Smart Contracts Don’t Necessarily Disrupt Traditional Contract Law, Expert Argues

Smart contracts indubitably fall subject to private international law, a professor of Private International Law at Germany’s Friedrich Schiller University has argued.

Blockchain-based smart contracts indubitably fall subject to private international law, a legal expert has argued in a post published to Oxford University’s Business Law Blog today, Jan. 23.

Giesela Rühl — a professor of Private International Law and co-director of the Centre for European Studies at the Friedrich Schiller University in Jena, Germany — entitled her analysis “The Law Applicable to Smart Contracts, or Much Ado About Nothing?” As the title implies, the report argues that the presumed friction between smart contracts and established legal precedent may be over-exaggerated.

Professor Rühl opened her argument with the observation that:

“[T]he initial hopes that smart contracts will free the exchange of goods and services from national laws do not seem to come true. Indeed, the classic questions of contract law arise also when parties enter into a smart contract. And just like all other contracts, smart contracts demand that the law answers them. The decisive question, therefore, is not whether smart contracts are subject to the law, but rather to which law they are subject.”

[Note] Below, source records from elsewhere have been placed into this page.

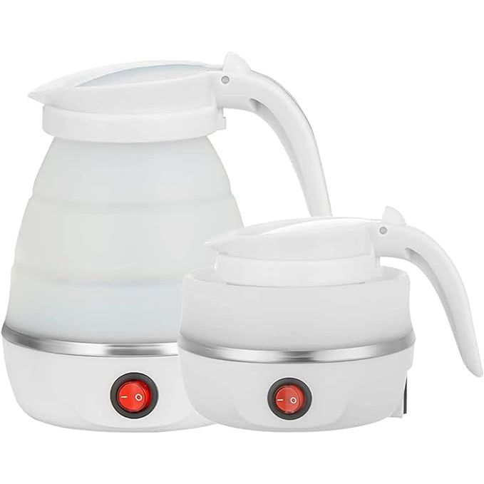Foldable Electric Travel Kettle - Portable and Convenient Silicone Collapsible Water Boiler and Tea Pot for Camping - Easy Storage with Detachable Power Cord (White)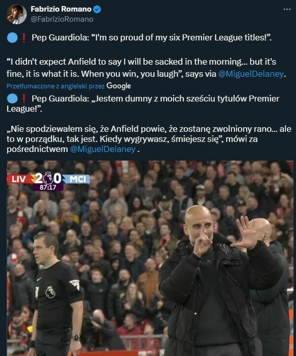 Pep Guardiola po porażce z Liverpoolem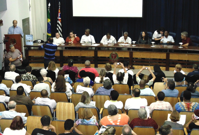 A Plenária Popular Sudeste, realizada nos dias 21 a 22 de março, na Assembleia Legislativa do Estado de São Paulo (ALESP), foi um sucesso. Com o apoio do Conselho Estadual de Saúde de São Paulo, o evento reuniu cerca de 400 pessoas, entre Conselheiros de Saúde e representantes de movimentos populares, religiosos, de mulheres, idosos, da população negra, quilombola, LGBT, entre outros, dos Estados de São Paulo, Minas Gerais, Rio de Janeiro e Espírito Santo.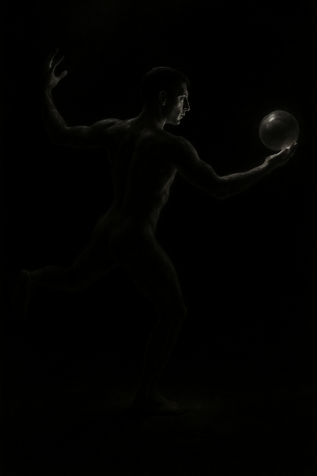 a black and white photo of a man playing with a ball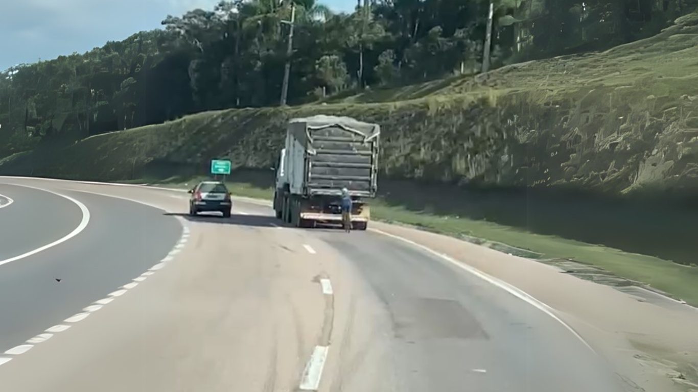 Um vídeo que circula nas redes sociais nesta semana mostra um flagrante preocupante registrado na BR-116, na região do bairro Tatuquara, em Curitiba. As imagens, feitas na última sexta-feira (9), mostram um ciclista adulto se arriscando ao se prender na traseira de um caminhão em movimento, no sentido Fazenda Rio Grande.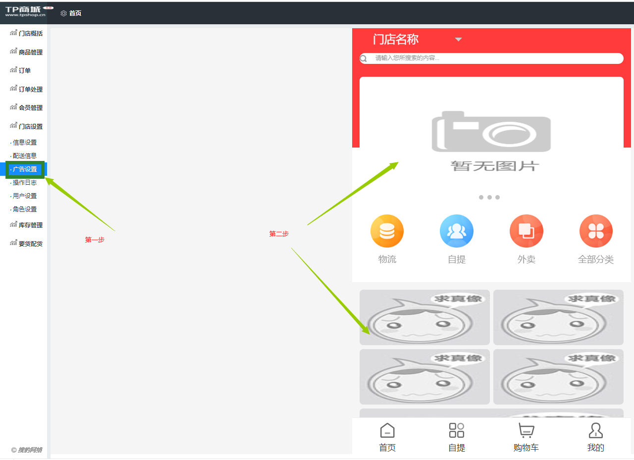 (5.3)广告设置:可以对前台门店首页预留的海报位置去上传海报图,海报图里可以设置跳转链接;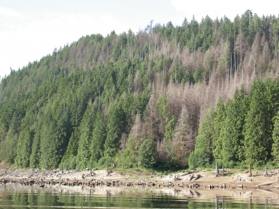 In a second study of disturbance effects, I analyzed the temporal pattern of tree death and the resulting rates of mortality after the 2000-2003 western hemlock looper outbreak. I hypothesized that mortality of trees in defoliated areas would be influenced by tree diameter, with smaller trees more susceptible to defoliation and dying at a greater rate than larger trees. Using repeated census data, I was able to show species-specific responses in mortality following western hemlock looper outbreaks. Western hemlock had high levels of mortality across all diameter classes, while mortality of western redcedar and amabilis fir was confined to smaller trees.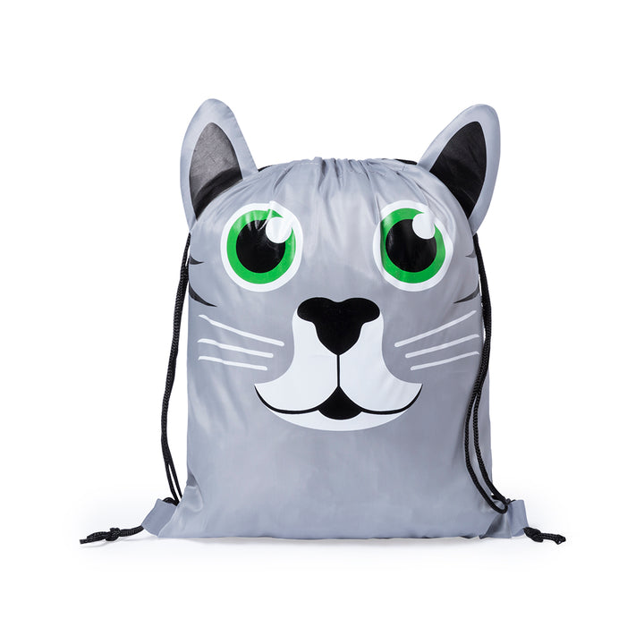 Faltbarer Rucksack mit Kordelzug für Kinder. Hergestellt aus weichem 210T Polyester mit originellen Tier-Designs. Mit Zugbändern in Schwarz und verstärkten Ecken. Faltbar auf kleine Größe.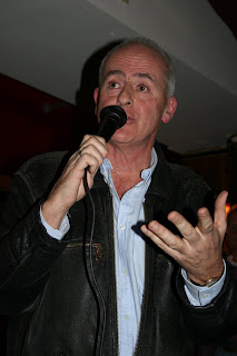 He breaks off to remark that he has never been to a meeting with so much alcohol involved. People cheer. The pub actually runs out of glasses and people are exhorted to bring back their empties so that more alcohol can be served.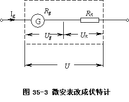 表頭的 I g 、 R g 事先測(cè)出,根據(jù)需要的伏特計(jì)量程,由( 35-2 )式就可以算出應(yīng)串聯(lián)的電阻值 . 一般地,由于伏特計(jì)的量程 U 遠(yuǎn)大于表頭的量程 U g ,串聯(lián)電阻 R S 會(huì)遠(yuǎn)大于表頭內(nèi)阻 R g .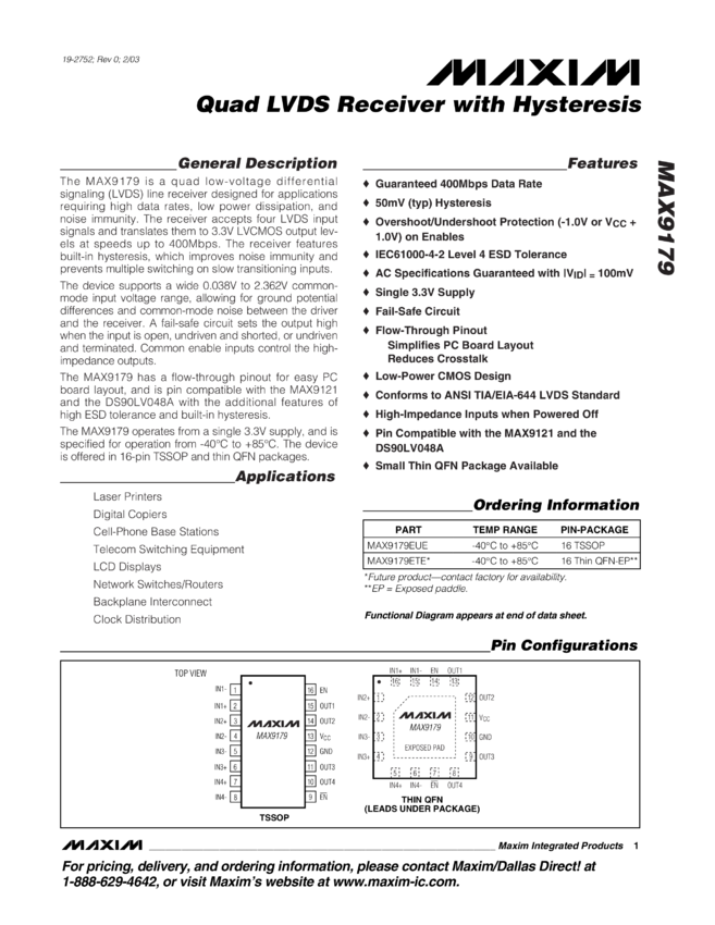 MAX9179 Quad LVDS Receiver with Hysteresis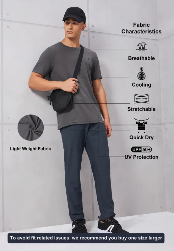 Experience the comfort of cotton with the performance of polyester in our innovative T-shirt. Featuring built-in memory technology, it effortlessly returns to its original shape after wear. Its lightweight and stretchable fabric provide exceptional comfort for all-day wear.Our T-shirt boasts revolutionary fabric technology that offers multi-directional stretch without traditional spandex. The yarn's innovative design creates a smooth yet textured surface, enhancing durability and eco-friendliness by minimizing fiber shedding. With inbuilt memory, wrinkles vanish with a simple wave, ensuring effortless maintenance.

Professor Rühl focused on the European context, contending that “there can be little doubt” that the EU’s core legal provision for civil and commercial contractual obligations — the 2008 Rome I Regulation — does in fact apply to smart contracts.

She did, however, concede one notable qualification — the fact that Rome I applies to contractual obligations in a legal sense, and therefore applies not to the smart contract as such.

Noting that smart contracts are typically “merely a piece of software or programme code that controls, monitors, or documents the execution of a contract that has been concluded elsewhere,” Rühl argued that Rome I applies instead to the contract which the code facilitates.

Only in instances where the smart contract itself is hard-programmed to be legally binding — i.e. where “the contract is comprehensively and exclusively embodied in a software code,” or where software is used for the contract’s actual conclusion — would Rome I directly apply to the smart contract as such, she added.

Professor Rühl made further reference to a key provision under Rome I, the principle of party autonomy. This principle, she outlined, allows parties — regardless of their territorial or national connections — to submit their contract to the law of their choice.

According to Dr. Rühl, this principle can offer “much needed legal certainty” for smart contracts, given that these function in a digital, and often decentralized context.

Professor Rühl’s arguments align with comments made by experts on the other side of the Atlantic. Last fall, the United States Commodity Futures Trading Commission (CFTC) commissioner Brian Quintenz critiqued the well-known crypto adage “code is law.” Quintenz argued that even though smart contracts may complicate existing frameworks and question of accountability, they nonetheless fall subject to regulations and particular existing legal precedents.